The internal of this kernel is illustrated in the figure above. It consists of two input buffers and one output buffer. Firstly, the kernel scans the input tables into multiple columns and then it filters them (if the related condition is given in configuration buffer). After that, each row will be dispatched into various buckets based on the hash value of primary key. Finally, every full hash bucket will trigger on one burst write into output buffer.
The details for hash partition is shown in the following figure.
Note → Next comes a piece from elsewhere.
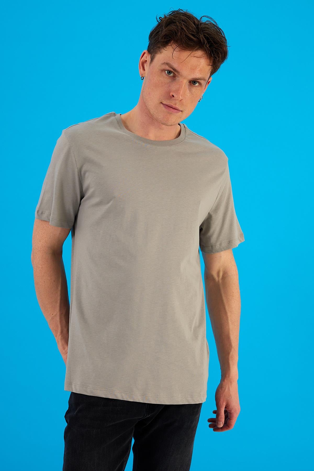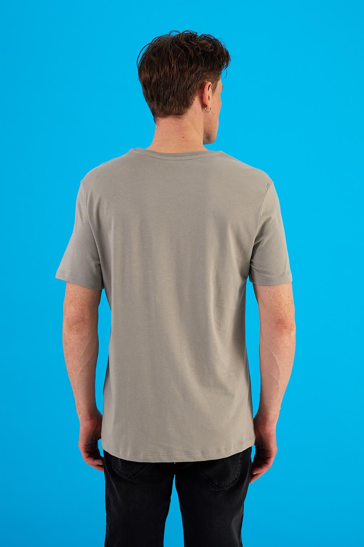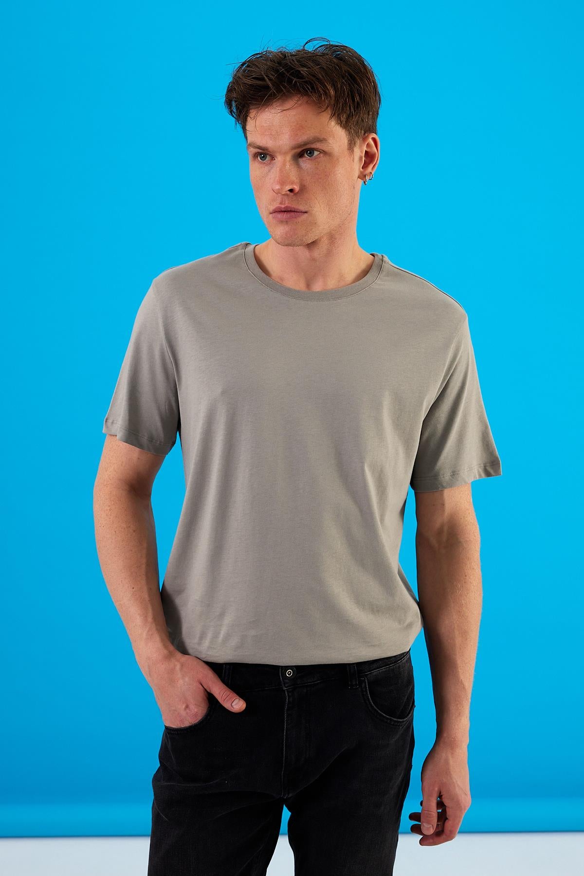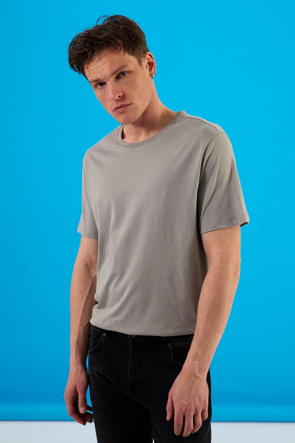 Erkek Danny Sıfır Yaka Basıc Tişört %100 Pamuk - Gri

One URAM array is used to buffer one burst length rows for each hash part. And the following module behind build PU will spilt each row into multiple columns for compatible output format with other kernels.
To simplify the design, GQE partition kernel can reuse the scan and filter configuration with GQE join kernel. Also, as mentioned above, the data structure of input and output tables is the same as join kernel.
The hardware resource utilization of single hash partition is shown in the table below (work as 200MHz).
Primitive | Quantity | LUT | LUT as memory | LUT as logic | Register | BRAM36 | URAM | DSP |
Scan | 1 | 12032 | 4752 | 7280 | 19383 | 0 | 0 | 2 |
Filter | 4 | 3551 | 809 | 2742 | 3809 | 0.5 | 0 | 0 |
Hash partition | 1 | 26363 | 1521 | 27496 | 45762 | 20 | 256 | 5 |
Write | 1 | 26083 | 5082 | 21286 | 33202 | 1 | 0 | 3 |
AXI DDR | 1 | 5046 | 1010 | 4036 | 11303 | 59.5 | 0 | 0 |
Total | 76091 | 14102 | 61989 | 116884 | 81 | 256 | 10 |
Attention
To use the GQE Partition kernel, host must pass the number of partitions through a kernel argument, create corresponding number of sub-buffers on Partition kernel’s output, and invoke GQE Join or Aggregate kernel multiple times accordingly.